2. Sudden, unanticipated cardiac death, involving cardiac arrest, often accompanied by symptoms suggestive of myocardial ischemia, presumed to be new ST-segment elevation or left bundle branch block, coronary angiography or necropsy test Evidence of fresh blood clots, death occurs before blood samples can be obtained, or before cardiac biomarkers appear in the blood.

3. In patients with normal baseline troponin and undergoing percutaneous coronary intervention (PCI), elevated cardiac biomarkers above the upper limit of normal myocardial necrosis. Cardiac biomarkers rise more than three times the upper limit of the normal for PCI-associated myocardial infarction, including a subtype that has been shown to be associated with stent thrombosis.

4. Patients with normal baseline troponin values and coronary artery bypass grafting (CABG), cardiac biomarkers rise above the upper limit of normal, suggesting perioperative myocardial necrosis. Increases cardiac biomarkers by more than 5 times the upper limit of normal and develops new pathological Q waves or new left bundle branch block, or coronary angiography confirms new or own coronary occlusion, or myocardial viability Lost imaging evidence was defined as myocardial infarction associated with CABG.

5. There are pathological findings of AMI.

Differential diagnosis

1. Stable angina: Chest pain is often induced by physical labor or emotional excitement (such as anger, anxiety, excessive excitement, etc.), satiety, cold, smoking, tachycardia, shock, etc. can also be induced. The pain often occurs at the time of labor or excitement, not after a day of exhaustion. Typical angina often recurs under similar conditions, but sometimes the same labor causes angina only in the morning and not in the afternoon. After the pain appears, it gradually increases gradually, and then disappears within 3 to 5 minutes. Stop the activity that originally induced the symptoms or sublingual nitroglycerin to relieve it within a few minutes.

2. Aortic dissection: chest pain begins to reach the peak, often radiates to the back, ribs, abdomen, waist and lower limbs. The blood pressure and pulse of the upper limbs can be significantly different, and there may be aortic regurgitation, occasionally confusion. Symptoms of nervous system damage such as hemiplegia. However, serum-free myocardial necrosis markers can be identified. Two-dimensional echocardiography, X-ray or magnetic resonance tomography is helpful for diagnosis.

3. Acute pulmonary embolism: chest pain, hemoptysis, dyspnea and shock can occur.
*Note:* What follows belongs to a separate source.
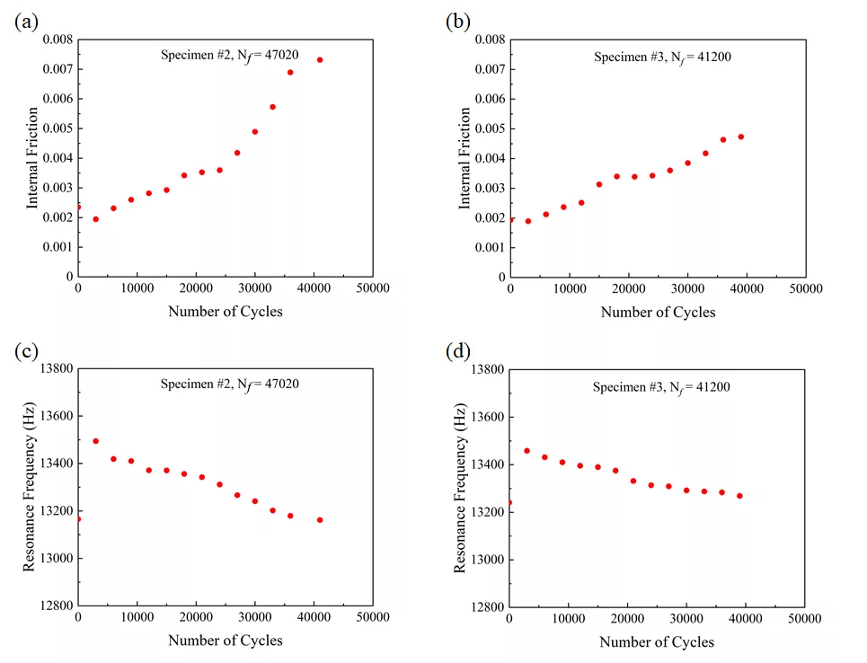 图2. 另外2个铝合金样品在疲劳过程中的内耗和共振频率变化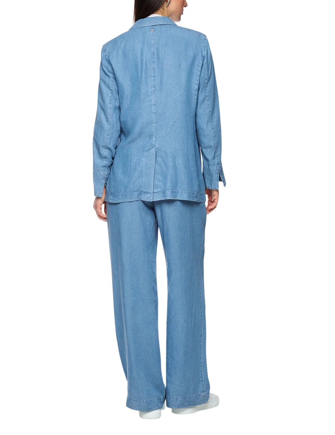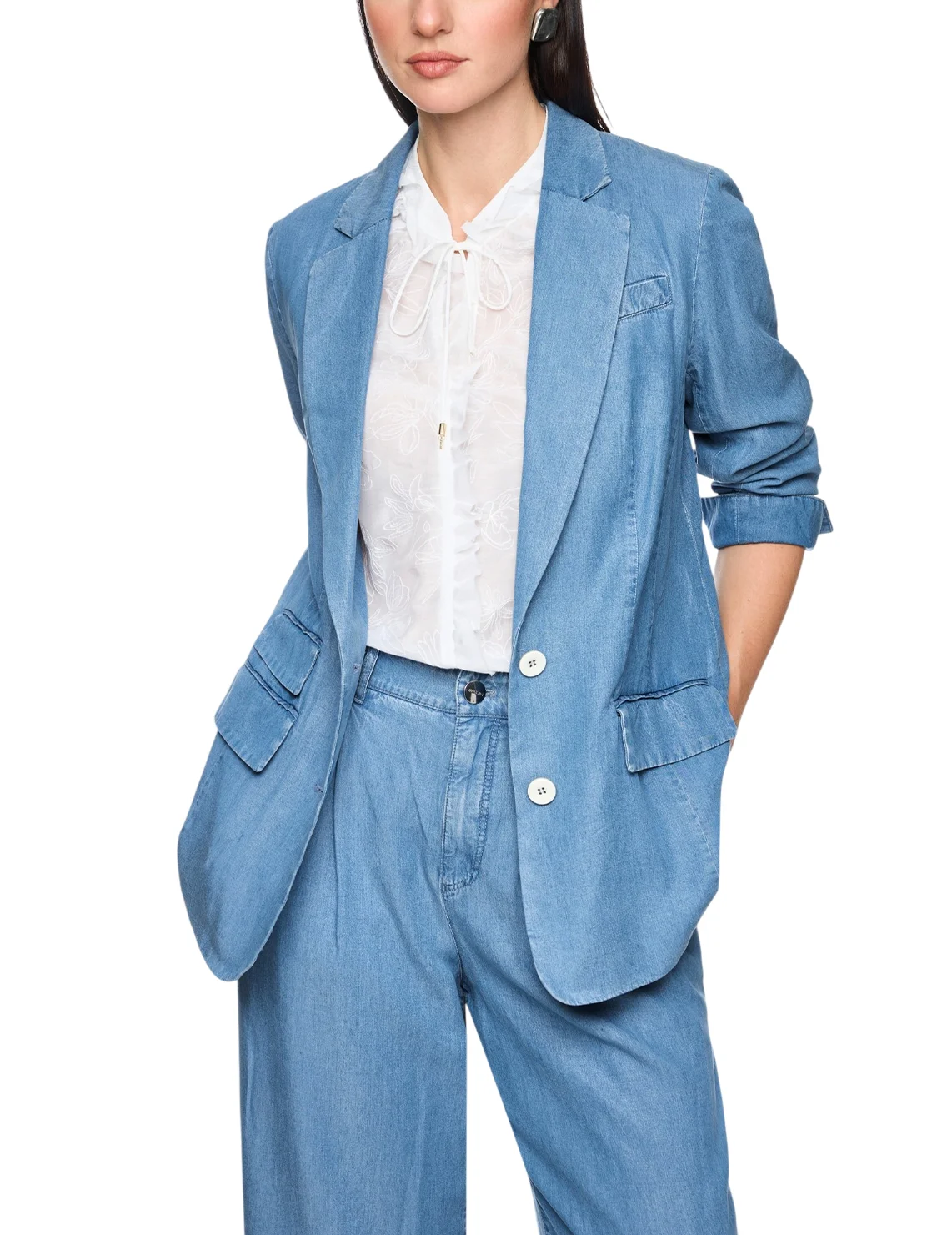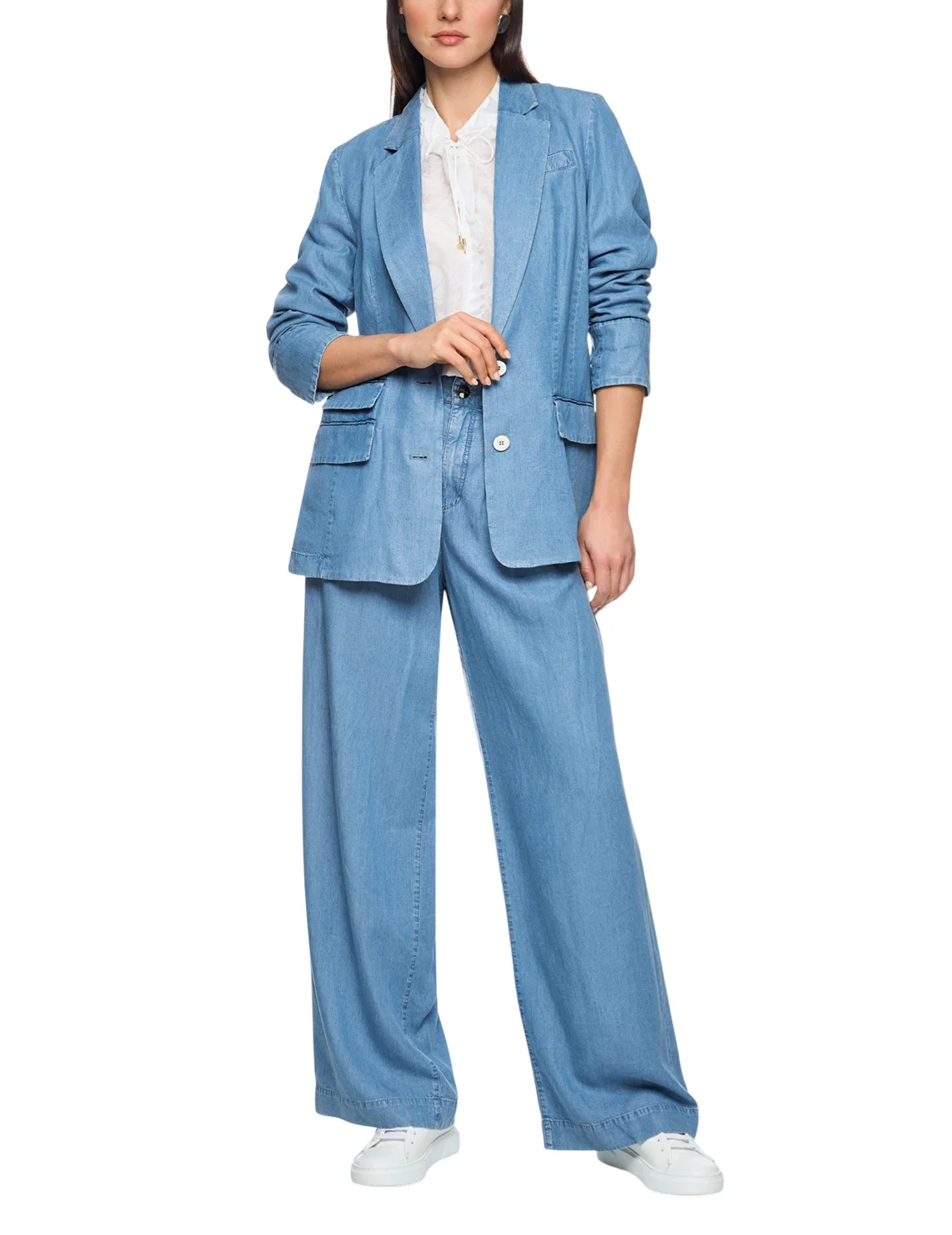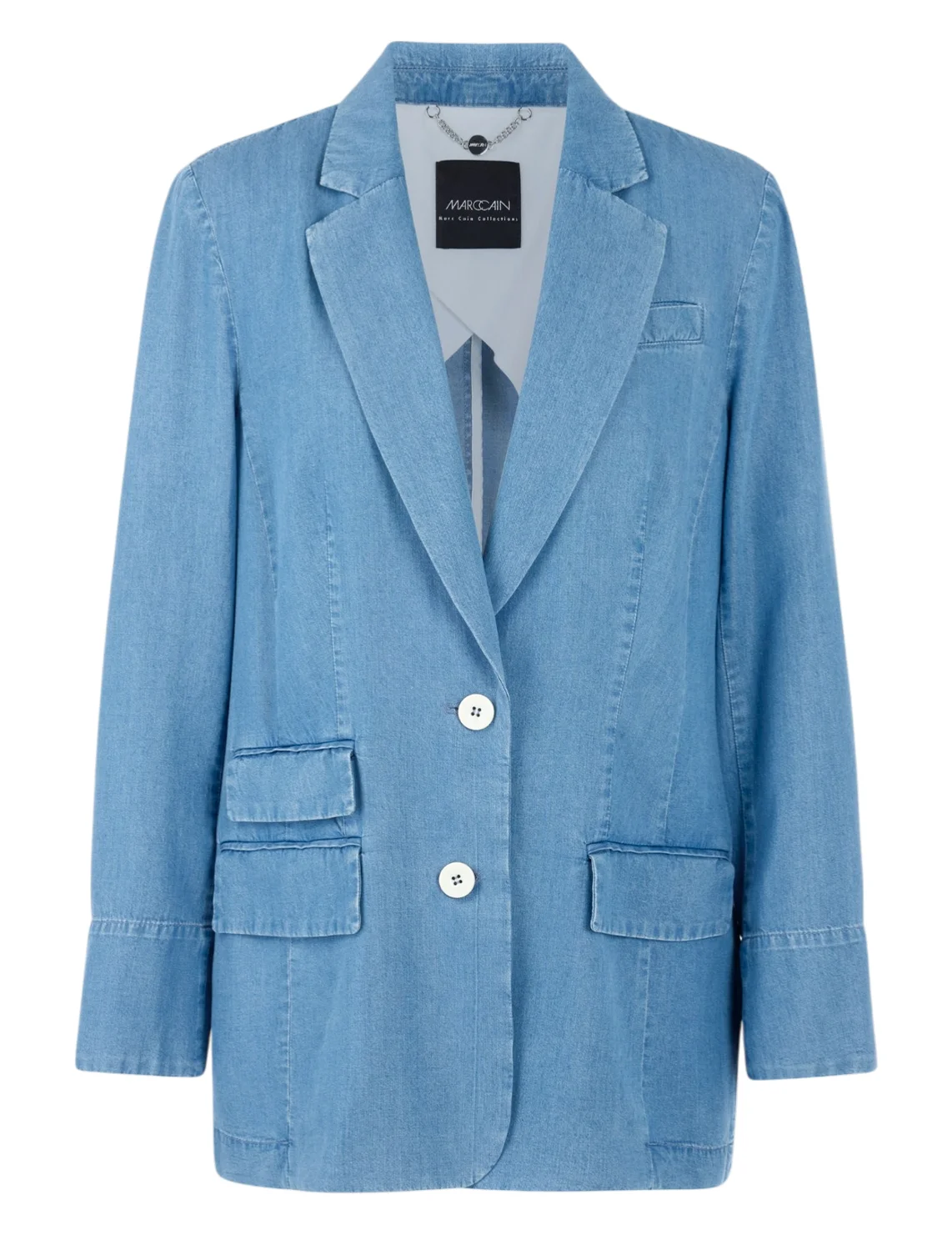 Однобортный джинсовый пиджак изготовлен из лиоцелла высокого качества, подкладка из хлопка. Модель выполнена в прямом крое. Имеет отложной воротник с лацканами, разрез сзади, декоративные клапаны и длинные рукава с манжетами.

However, there is a sharp increase in right heart load such as cyanosis, second heart sound in the pulmonary valve area, jugular vein filling, hepatomegaly, and lower extremity edema. The electrocardiogram shows that the S-wave of the I lead is deepened, the T-wave of the lead III of the III lead is inverted, the left side of the chest lead is shifted to the left, and the T-wave of the right chest lead is inverted, which can be identified.

4. Acute abdomen: acute pancreatitis, peptic ulcer perforation, acute cholecystitis, cholelithiasis, etc., have upper abdominal pain, may be accompanied by shock. Careful examination of medical history, physical examination, electrocardiogram, serum myocardial enzymes and troponin assay can assist in the identification.

5. Acute pericarditis: The pain and fever of pericarditis occur at the same time. When breathing and coughing, it is aggravated. In the early stage, there is pericardial friction. The latter and pain disappear in the pericardial cavity. The systemic symptoms are generally worse than AMI. Electrocardiogram is excluded. Except for aVR, the rest of the leads have ST-segmented downwards and T-waves inverted, and no abnormal Q waves appear.

Was this article helpful?

The material in this site is intended to be of general informational use and is not intended to constitute medical advice, probable diagnosis, or recommended treatments.